### [Task to complete]
The copy should begin at the line containing "じゃらしやおもちゃでも良く遊びます。 兄弟の鈴(すず)ちゃんと一緒のお家が希望ですが、1匹でも大丈夫です。 |" and end with the last line below, every line exact and no picture included.

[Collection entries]
■ ■ ■ ■ ■

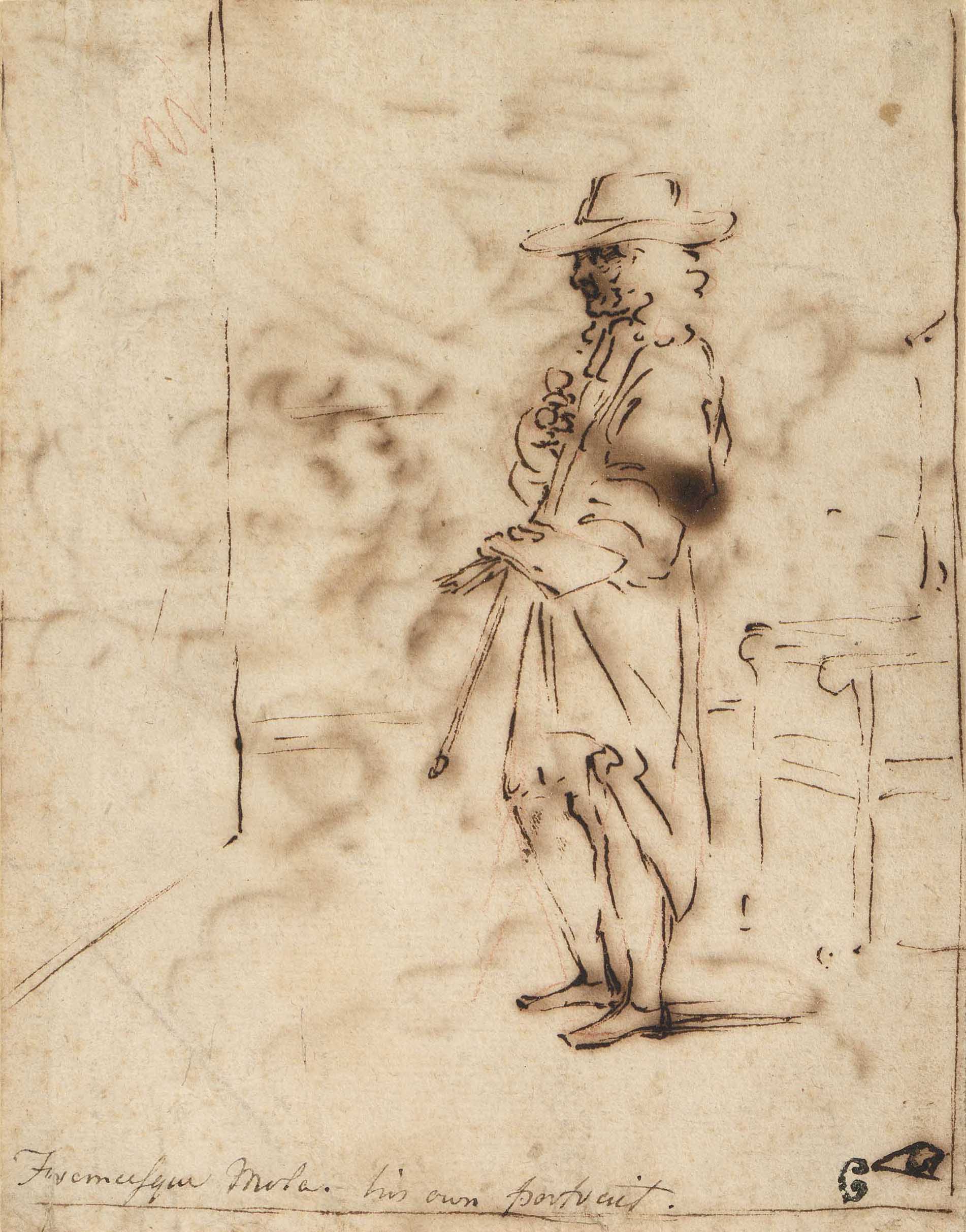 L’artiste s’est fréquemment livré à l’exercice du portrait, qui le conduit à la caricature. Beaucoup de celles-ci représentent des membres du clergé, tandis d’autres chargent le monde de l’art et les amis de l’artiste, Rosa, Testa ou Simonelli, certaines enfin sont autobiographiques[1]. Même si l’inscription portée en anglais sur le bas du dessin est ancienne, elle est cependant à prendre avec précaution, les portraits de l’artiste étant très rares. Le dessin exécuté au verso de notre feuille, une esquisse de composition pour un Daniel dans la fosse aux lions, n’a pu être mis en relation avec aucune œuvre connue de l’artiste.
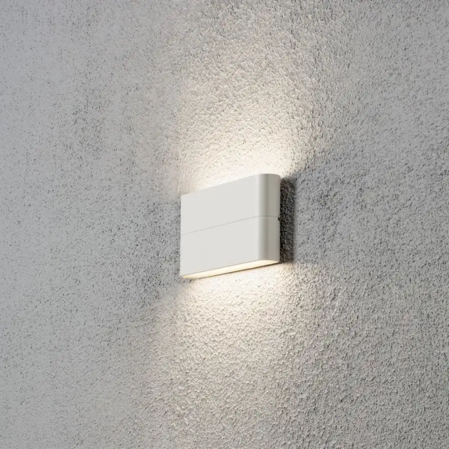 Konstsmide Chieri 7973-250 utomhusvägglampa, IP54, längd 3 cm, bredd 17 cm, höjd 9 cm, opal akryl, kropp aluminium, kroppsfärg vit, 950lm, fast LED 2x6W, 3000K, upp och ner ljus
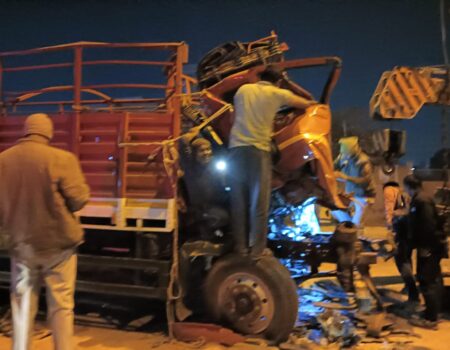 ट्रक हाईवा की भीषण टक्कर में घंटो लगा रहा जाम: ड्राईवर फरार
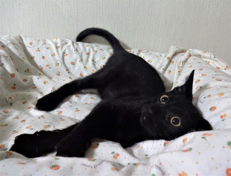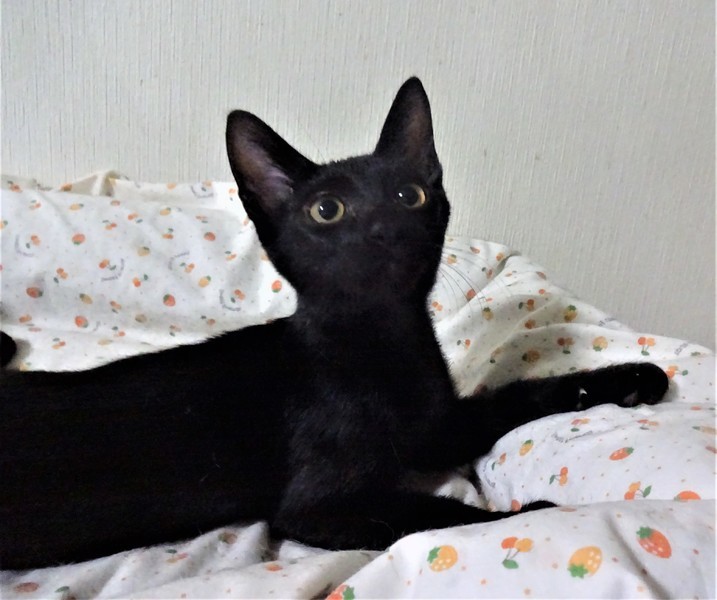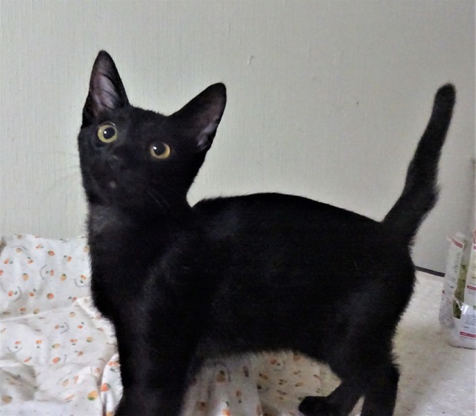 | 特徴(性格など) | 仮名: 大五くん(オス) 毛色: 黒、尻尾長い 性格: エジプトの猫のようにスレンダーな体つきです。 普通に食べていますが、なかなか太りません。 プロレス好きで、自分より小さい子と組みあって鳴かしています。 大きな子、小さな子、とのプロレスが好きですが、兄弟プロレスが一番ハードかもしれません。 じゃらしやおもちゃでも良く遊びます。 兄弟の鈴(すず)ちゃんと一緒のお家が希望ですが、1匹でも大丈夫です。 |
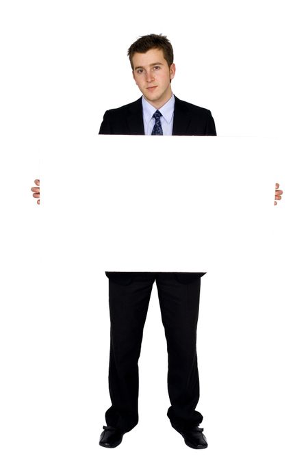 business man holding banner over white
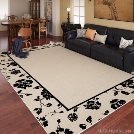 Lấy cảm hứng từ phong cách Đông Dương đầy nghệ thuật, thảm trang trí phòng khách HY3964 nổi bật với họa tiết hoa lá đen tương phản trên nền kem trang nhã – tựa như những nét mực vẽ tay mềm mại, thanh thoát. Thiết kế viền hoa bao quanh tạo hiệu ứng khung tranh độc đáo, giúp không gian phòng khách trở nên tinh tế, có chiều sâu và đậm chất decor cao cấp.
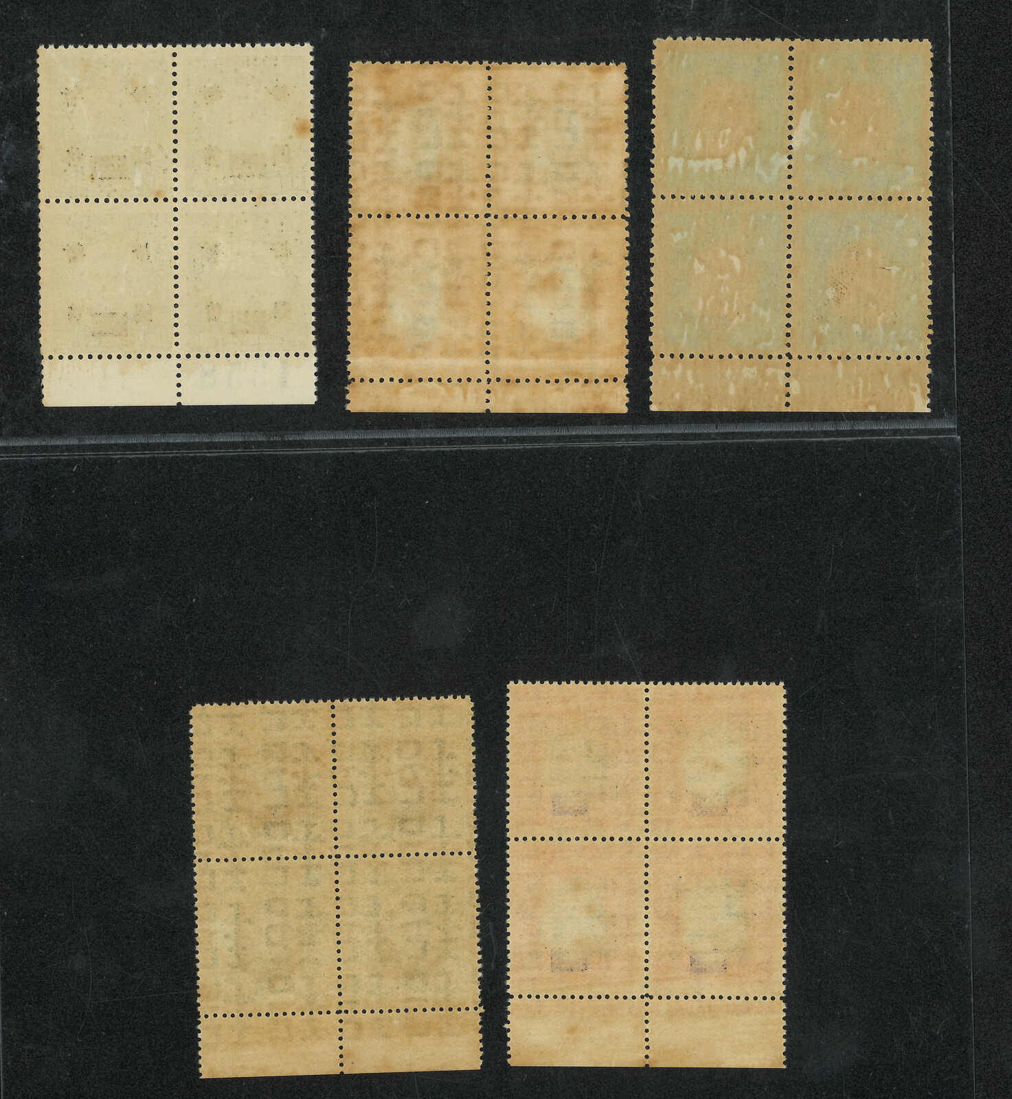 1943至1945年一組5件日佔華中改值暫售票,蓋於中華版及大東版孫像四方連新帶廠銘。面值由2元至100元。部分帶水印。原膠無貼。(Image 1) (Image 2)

■ ■ ■ ■ ■

### [Written response]
 | 特徴(性格など) | 仮名: 大五くん(オス) 毛色: 黒、尻尾長い 性格: エジプトの猫のようにスレンダーな体つきです。 普通に食べていますが、なかなか太りません。 プロレス好きで、自分より小さい子と組みあって鳴かしています。 大きな子、小さな子、とのプロレスが好きですが、兄弟プロレスが一番ハードかもしれません。 じゃらしやおもちゃでも良く遊びます。 兄弟の鈴(すず)ちゃんと一緒のお家が希望ですが、1匹でも大丈夫です。 |
 business man holding banner over white
 Lấy cảm hứng từ phong cách Đông Dương đầy nghệ thuật, thảm trang trí phòng khách HY3964 nổi bật với họa tiết hoa lá đen tương phản trên nền kem trang nhã – tựa như những nét mực vẽ tay mềm mại, thanh thoát. Thiết kế viền hoa bao quanh tạo hiệu ứng khung tranh độc đáo, giúp không gian phòng khách trở nên tinh tế, có chiều sâu và đậm chất decor cao cấp.
 1943至1945年一組5件日佔華中改值暫售票,蓋於中華版及大東版孫像四方連新帶廠銘。面值由2元至100元。部分帶水印。原膠無貼。(Image 1) (Image 2)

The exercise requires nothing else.